Results of analyses of cell scores in TCGA RNASeq data. a Boxplot of Total TILs score across TCGA datasets. Datasets are ordered according to median score. The vertical axis is log2-scale. b Prognostic information in Total TILs score and in cell type enrichment scores, the residuals of each cell score when regressed on the Total TILs score. Red indicates cell types whose enrichment within the total infiltrate is associated with poor outcome; blue indicates association with good prognosis. Only results with FDR < 0.05 are shown, and cancers without any statistically significant cell types are not shown

Results in TCGA: prognostic significance of cell types

In each TCGA dataset, we tested the prognostic utility of Total TILs score and of each cell type’s enrichment or depletion relative to Total TILs. We first defined cell type enrichment scores as the residuals of linear regressions predicting each cell type from our Total TILs score. These cell type enrichment scores do not measure absolute abundance of a cell type but rather its enrichment or depletion within the immune infiltrate. We found cell type enrichment scores to provide a more interpretable picture of this data than our raw cell scores, whose high correlation concealed their distinct prognostic relevance in univariate analyses. We ran univariate Cox regressions predicting survival in each dataset from these cell type enrichment scores (Fig. 6b.) Eleven tumor types had statistically significant (FDR < 0.1) [29] associations between survival and at least one feature of TIL abundance and makeup.
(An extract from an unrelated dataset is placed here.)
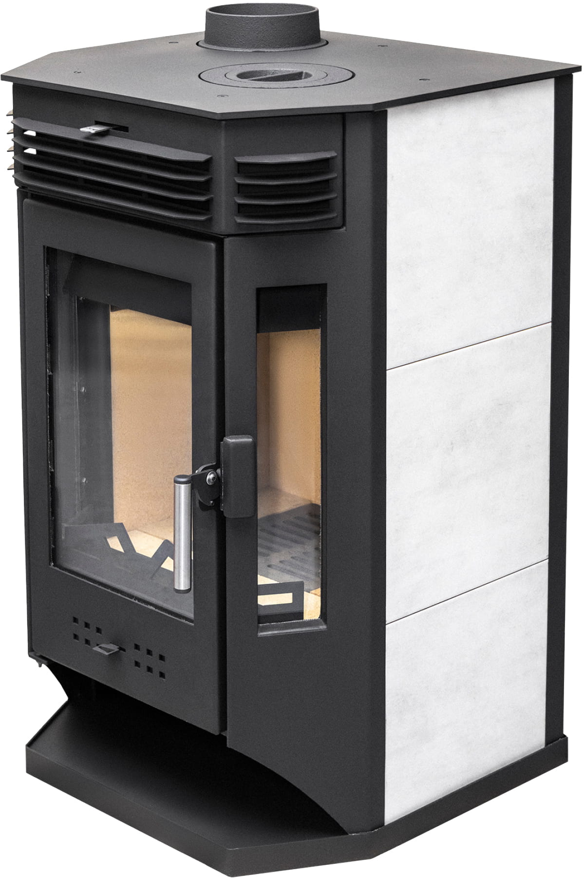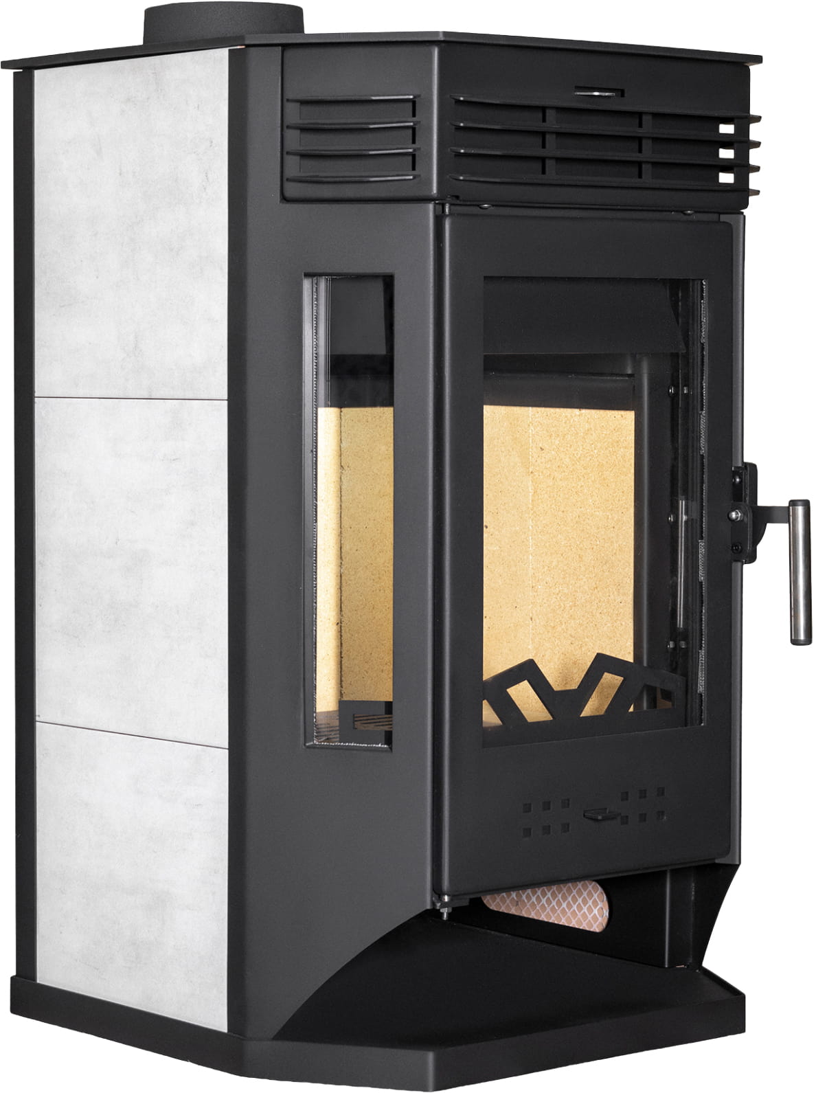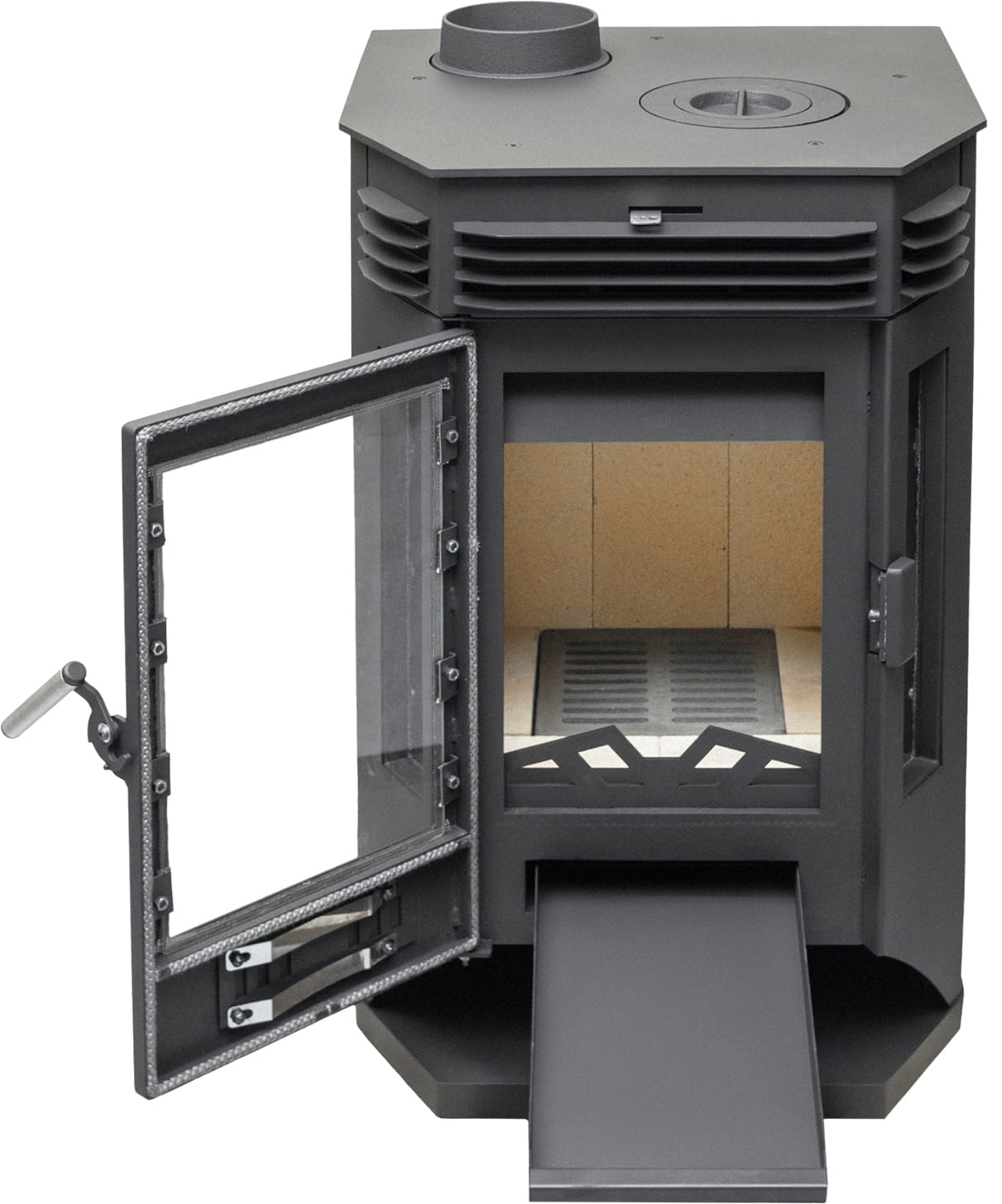 Три независимых стекла открывают отличный вид на огонь. Модель оснащена системой "Чистое стекло". Футеровка топки выполнена из шамота бежевого цвета. Внизу расположена ниша, которую можно использовать как дровник. На верхней панели размещена варочная поверхность для приготовления пищи или напитков. Дымоход диаметром 150 мм подключается сверху или сзади. При заднем подключении дымохода верхний выход можно использовать как дополнительную конфорку.
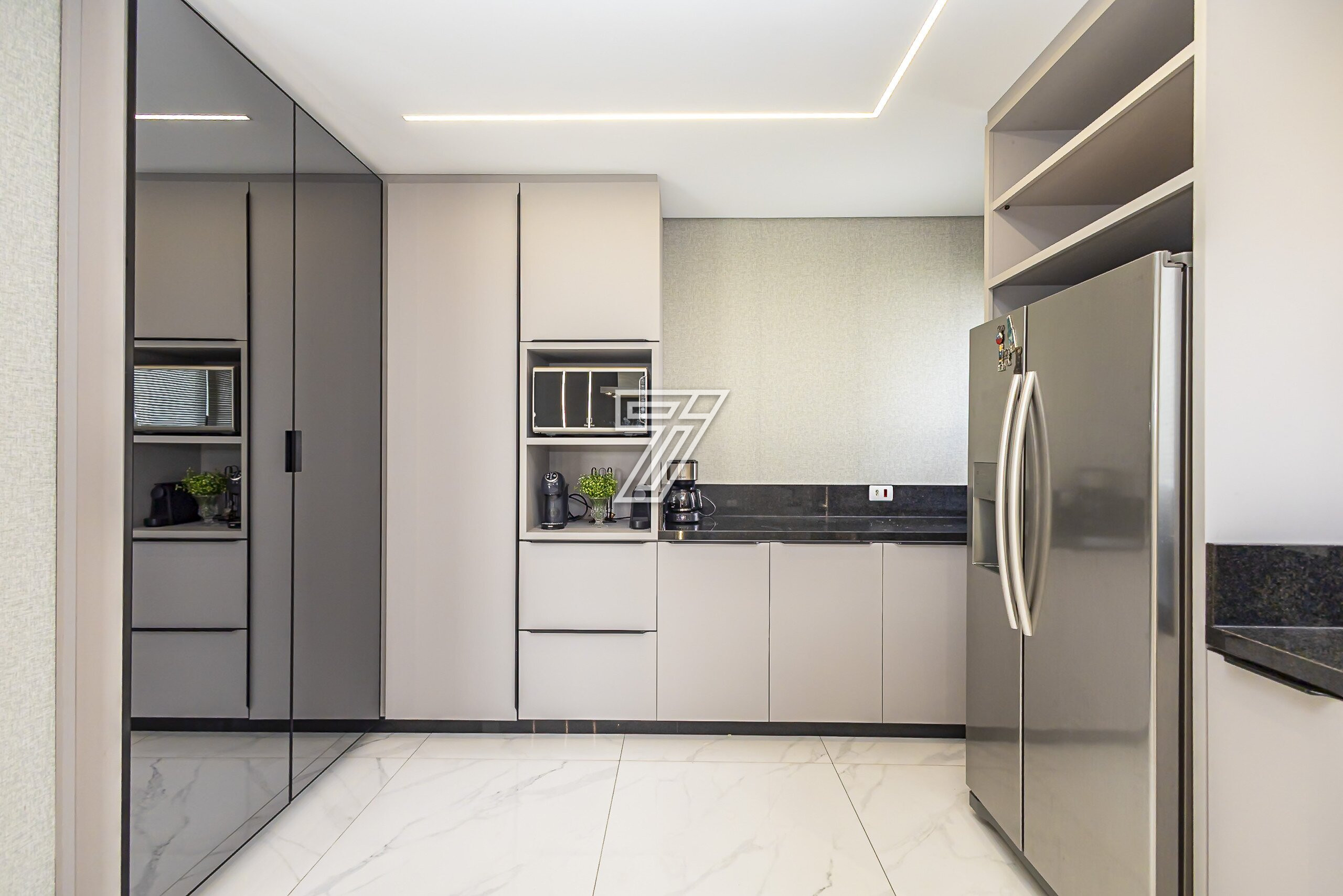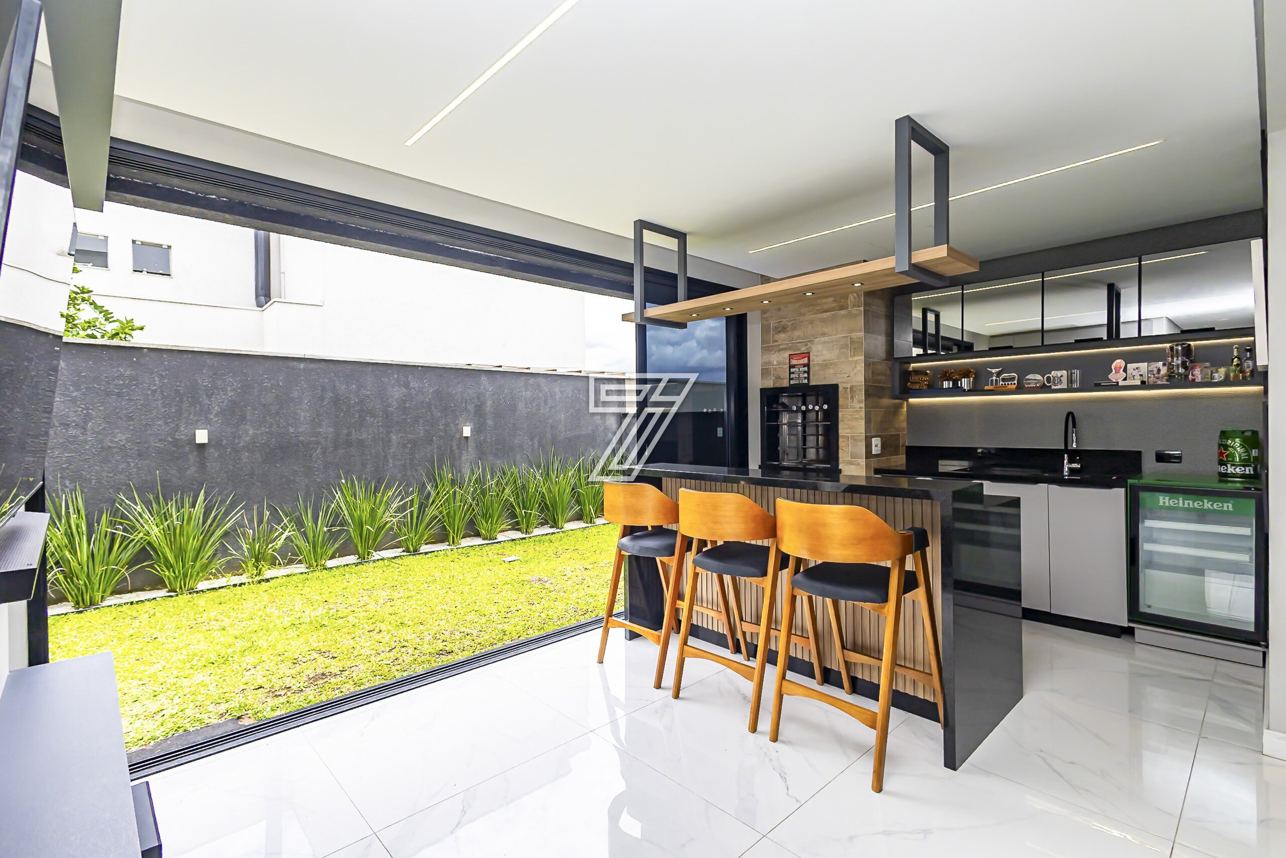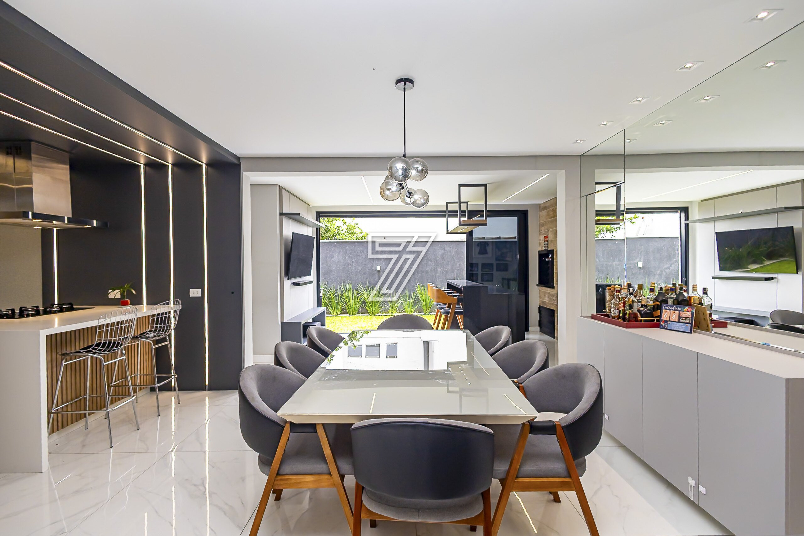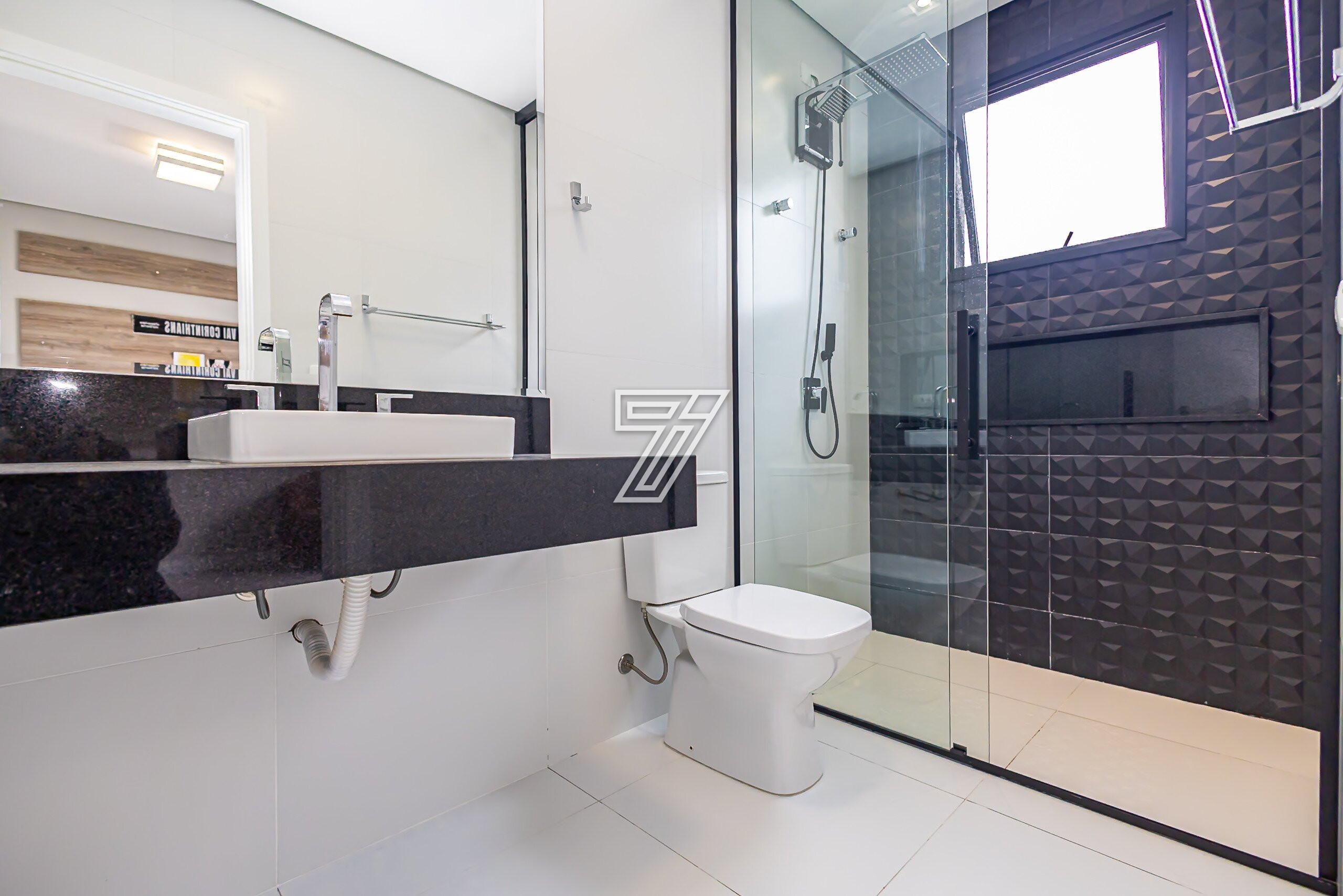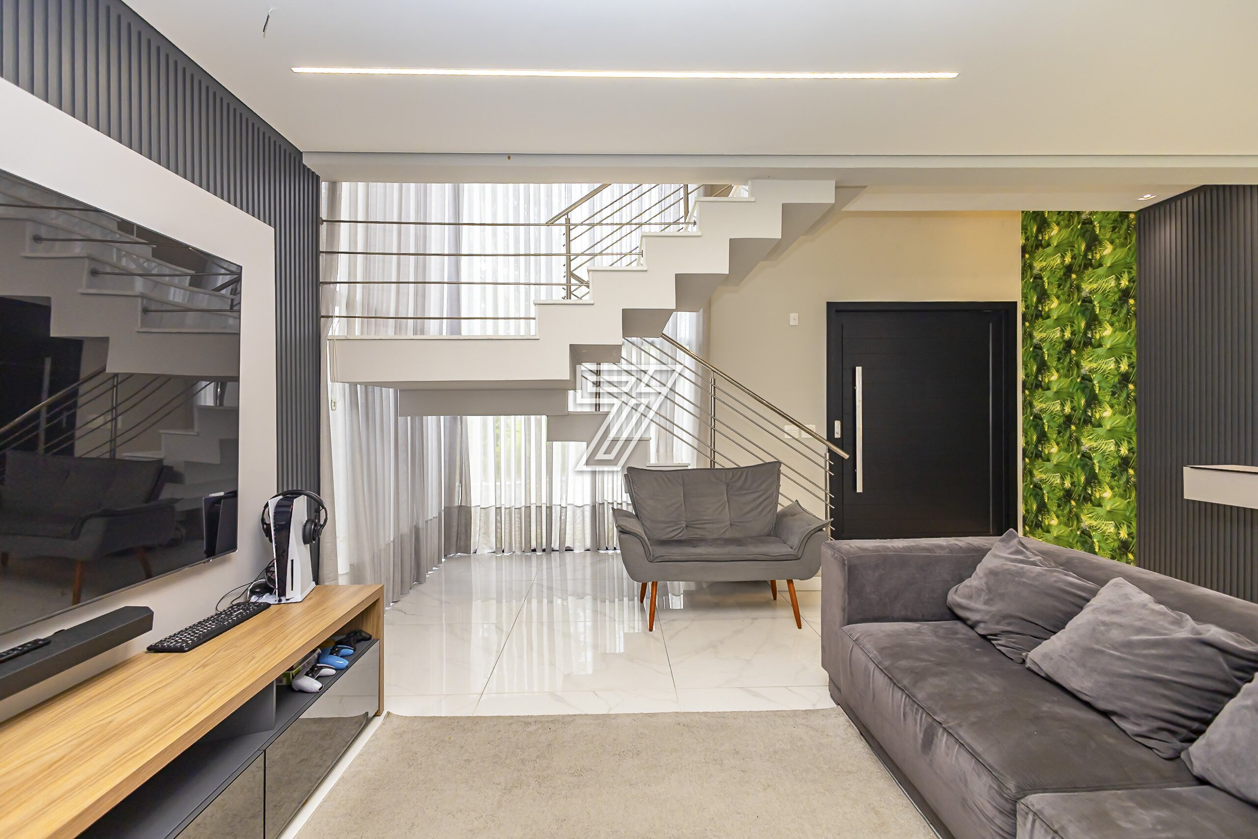 Já no segundo pavimento são três amplas suítes com muita iluminação e um home office que também pode tornar-se dormitório.

As others have shown [3, 30], we see that immune cell populations have different prognostic implications in different tumor types, though some patterns are apparent. High Total TILs score predicts longer survival in melanoma (SKCM) and head and neck (HNSC) tumors but worse prognosis in lower grade gliomas (LGG) and kidney renal clear cell tumors (KIRC). Enrichment of T-cells, CD8 T-cells and mast cells also tends to predict good prognosis. Enrichment of DCs, neutrophils and macrophages generally indicates poor prognosis, suggesting that these cell types mount a less effective immune response or can serve as suppressor cells.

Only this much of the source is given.